3

I am trying to execute the following code to run a python script with a configure file as input:

try:
    process = check_output(["python", "E:/SpaceWeather/Source_codes/codes_written/tec-suite-master/tecs.py", \
                       "-c",str(cfgdirectory/'new.cfg')],stderr=STDOUT,timeout = 300)
except subprocess.CalledProcessError as e:
    print(e.output)

I have written it this way as I was using Popen with process.communicate() before and it kept hanging. The way my script is designed loops through the check_output with different configure files, with the timeout parameter intended to end instances in the loop which take too long. However, when I run the script now, sometimes it randomly hangs for a particular loop instance and I'm not sure why. The timeout parameter does not seem to be ending the process and moving on to the next iteration in the loop?

Does anybody know hwy this might be happening?

NOTE: The script E:/SpaceWeather/Source_codes/codes_written/tec-suite-master/tecs.py which we input the configure file to is in a different place than my working directory, I'm not sure if this will make a difference.

EDIT: I attempted the following solution seen at Subprocess timeout failure:

import os
import signal
from subprocess import Popen, PIPE, TimeoutExpired
from time import monotonic as timer

start = timer()
with Popen('sleep 30', shell=True, stdout=PIPE, preexec_fn=os.setsid) as process:
    try:
        output = process.communicate(timeout=1)[0]
    except TimeoutExpired:
        os.killpg(process.pid, signal.SIGINT) # send signal to the process group
        output = process.communicate()[0]

and it seems to run through the loop fine. However, at the end of the loop the process does not end and hangs indefinitely. How can I force the process to actually terminate at the end of the loop?

EDIT 2: I edited some lines to account for being on a Windows platform, and all seems to run okay UNTIL one of the processes experiences a timeout. Thereafter, everything hangs.

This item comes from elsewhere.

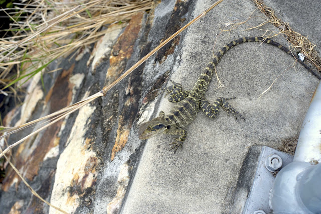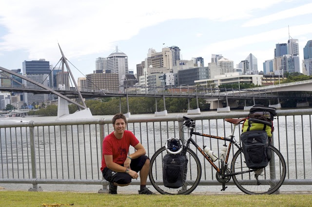 Day 32: From Springwood in the south of Brisbane I found a bicycle path that ran alongside the Motorway (which is illegal for me to ride on), it was nice not to have to deal with traffic however it was slow going as I had to cross roads at pedestrian crossings and deal with the ever present bump, bump, bump, bump of the concrete joins in the path. After 25km I had arrived on the river overlooking the city, it was a nice place to stop for a banana and there were these cute lizards who were very curious, I then crossed over a new foot bridge to enter the city centre. I rode alongside the river for a short while before I had to finally ride on the roads. Well, from there until the Northern suburbs was the real slow part of the day, there seemed to be no easy way out of the city in a North/Easterly direction which allowed bikes on it. I criss crossed many roads before finally after 4 hours I was out!!! I then cruised into Deception Bay and was happy to be back on the wheels…
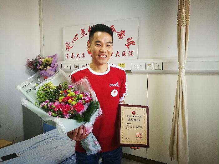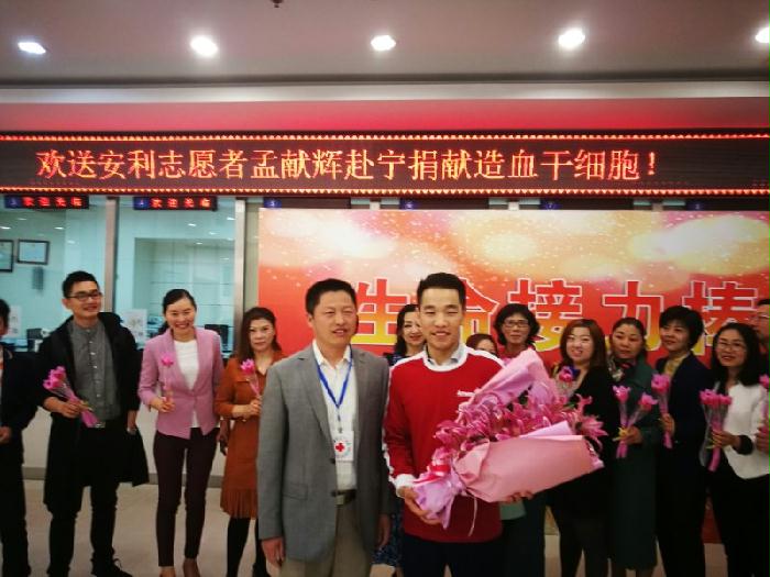 5月3日下午14点45分,在南京东南大学附属中大医院,安利南通分公司的经销商孟献辉,成功捐献326ml造血干细胞混悬液,为一名18岁的白血病男孩送去生命的希望。孟献辉成为南通市第42例,全省第645例,全国第7281例成功捐献造血干细胞志愿者,他用大爱为自己的青年节和即将到来的“5.8世界红十字日”献上了一份珍贵的礼物。

For some reason, even when processes do what they are supposed to they will not end!

with Popen(["python", "E:/SpaceWeather/Source_codes/codes_written/tec-suite-master/tecs.py", \
                   "-c",str(cfgdirectory/'new.cfg')],stdout=PIPE \
                        ,shell=False) as process:
    try:   
        output = process.communicate(timeout=300)[0]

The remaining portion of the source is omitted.